A signed original of this written statement required by Section 906 of the Sarbanes-Oxley Act of 2002 has been provided to the Company and will be retained by the Company and furnished to the Securities and Exchange Commission or its staff upon request. This certification will not be deemed “filed” for purposes of Section 18 of the Exchange Act, or otherwise subject to the liability of that section.
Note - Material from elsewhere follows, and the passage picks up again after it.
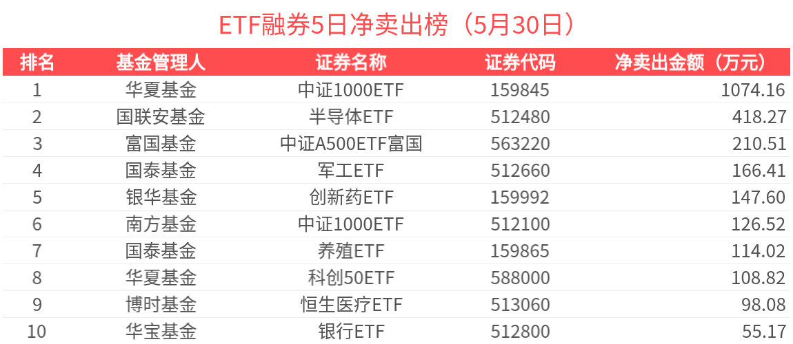 拉长时间看,近5天获杠杆资金融券净卖出超过500万元的有1只,金额居前的为中证1000ETF等,净流出1074.16万元。中证1000ETF近5天获杠杆资金大幅融券净卖出,达到成交额的0.72%。

Nor will this certification be deemed to be incorporated by reference into any filing under the Securities Act or the Exchange Act, except to the extent that the registrant specifically incorporates it by reference.

 

Exhibit 32.2

Exhibit 32.2

Certification Pursuant to 18 U.S.C. Section 1350
(as adopted pursuant to Section 906 of the Sarbanes-Oxley Act of 2002)

In connection with the Quarterly Report on Form 10-Q for the period ended January 2, 2010 (the “Report”), I, Raymond Sadowski, Chief Financial Officer of Avnet, Inc., (the “Company”) hereby certify that:

  1.  
The Report fully complies with the requirements of Section 13(a) or 15(d), as applicable, of the Securities Exchange Act of 1934; and

  2.  
The information contained in the Report fairly presents, in all material respects, the financial condition and results of operations of the Company.

Date: January 29, 2010

/s/ RAYMOND SADOWSKI                            

Raymond Sadowski
Chief Financial Officer

A signed original of this written statement required by Section 906 of the Sarbanes-Oxley Act of 2002 has been provided to the Company and will be retained by the Company and furnished to the Securities and Exchange Commission or its staff upon request. This certification will not be deemed “filed” for purposes of Section 18 of the Exchange Act, or otherwise subject to the liability of that section. Nor will this certification be deemed to be incorporated by reference into any filing under the Securities Act or the Exchange Act, except to the extent that the registrant specifically incorporates it by reference.